The honest answer to "Sodium or Embeddium" in mid-2026 is: whichever one matches your mod loader. They are no longer interchangeable choices the way they were in 1.20. Two years of upstream divergence, one licensing fight, and a slow Forge port have created a real performance and feature gap — and most players never get to make this decision, because their modpack already picked.
This is the long version of that answer, version-pinned to Minecraft 1.21.4.
TL;DR
The fork tree
The lineage matters because it explains the feature gap.
Sodium (CaffeineMC, Fabric)
└─ Rubidium (Asek3, Forge port) [abandoned 2023]
└─ Embeddium (FiniteReality, NeoForge) ← based on Sodium 0.5.8
Embeddium picked up the torch when Rubidium stalled, but it forked off the 0.5.x branch — the last release under LGPL-3 before CaffeineMC started tightening control. That choice is why we're here.
The license fight
In November 2024, CaffeineMC opened issue #2400 on the Sodium repository proposing a license change from LGPL-3.0 to Polyform Shield. The stated rationale was direct: prevent third-party forks from "continuing to cut us out of our own project." In practice, that means stopping unauthorized Forge ports — Embeddium being the most prominent target.
The proposal is still under discussion at time of writing, and Embeddium maintains its position as the last LGPL inheritor of the Sodium rendering pipeline.
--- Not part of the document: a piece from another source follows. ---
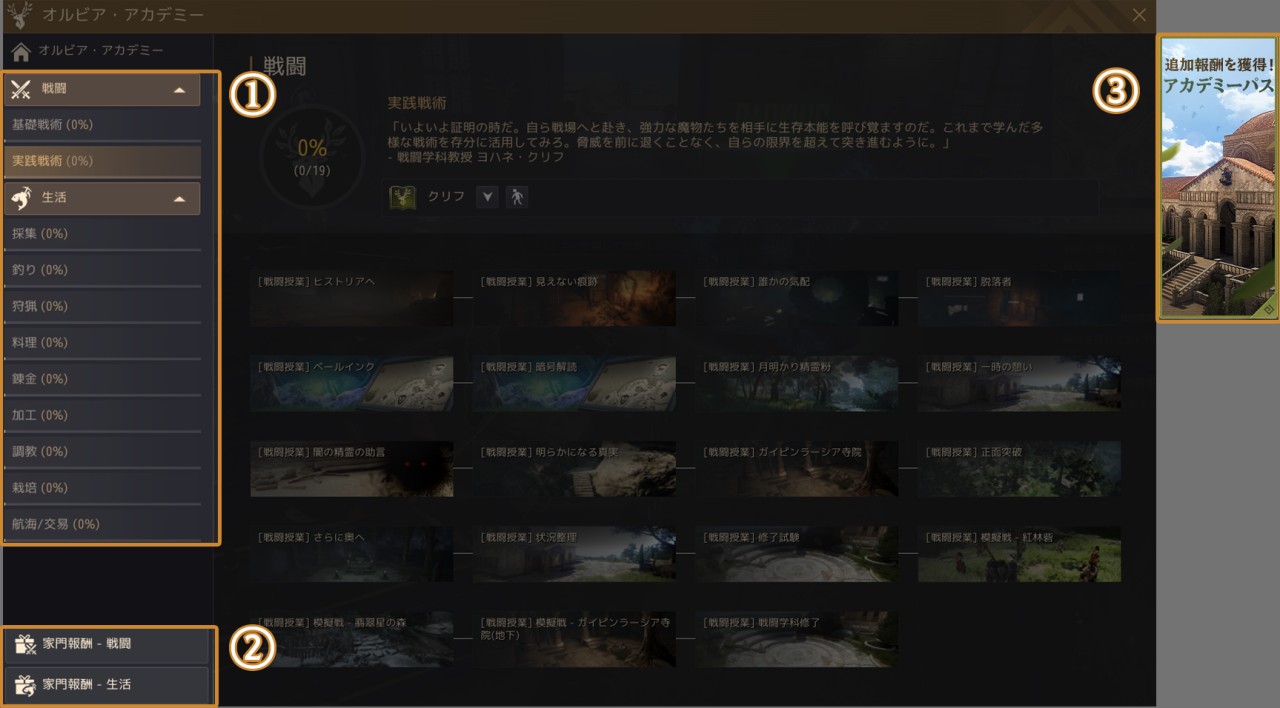 | ① 授業の全体的な進行度を確認できます。 ② 授業の進行度に応じた家門報酬を受領できます。 ③ アカデミーパスで追加の報酬を受領できます。 |

CaffeineMC has been explicit that Embeddium is unsupported and that users should not file Sodium-tracker issues for it.
This drama matters to readers for two reasons:
- Sodium 0.6+ improvements are not flowing into Embeddium at the same pace they used to. The contract between projects is broken.
- If your modpack ships Embeddium today, you're locked into a slower release cadence than Sodium proper.
Architecture differences in 2026
Both mods replace Minecraft's chunk meshing pipeline with modern OpenGL multi-draw rendering. The CaffeineMC team reports a roughly 90% reduction in CPU overhead from their multi-draw approach, and roughly 40% lower vertex data bandwidth through compressed formats.
The relevant divergence on 1.21.4 specifically:
- Sodium 0.6.x rewrote vertex formats, integrated the Fabric Rendering API (FRAPI) directly, and retired the need for Indium as a compatibility shim.
- Embeddium 1.0.12-beta.1 is built on Sodium 0.5.8's pipeline. It includes FRAPI as well, but it does not have 0.6's vertex format work yet.
In practice, that's the difference between "current generation" and "one generation behind." Embeddium maintainers themselves acknowledge that it "may not perform quite as well as the native Fabric version of Sodium."
Performance numbers
A caveat first: CaffeineMC has not published head-to-head benchmarks, and Embeddium 1.0.12 on 1.21.4 is still flagged beta. The numbers below come from third-party aggregators and community testing, and should be treated as directional rather than exact.
Numbers via gamlio.com and evezone.evetech.co.za. For Embeddium on the same hardware, expect to land within a few percent of Sodium 0.5.x — meaning roughly 5–15% below Sodium 0.6.x in chunk-heavy and FRAPI-heavy scenes.
If you need first-party numbers for a specific decision, you'll have to bench your own pack on your own hardware. There is no substitute.
Compatibility matrix
The most common mistake we see in support threads: installing Indium with Sodium 0.6+. Don't. It's no longer needed and will cause a crash.
Modpack reality check
For most players this decision was already made for them by the modpack author.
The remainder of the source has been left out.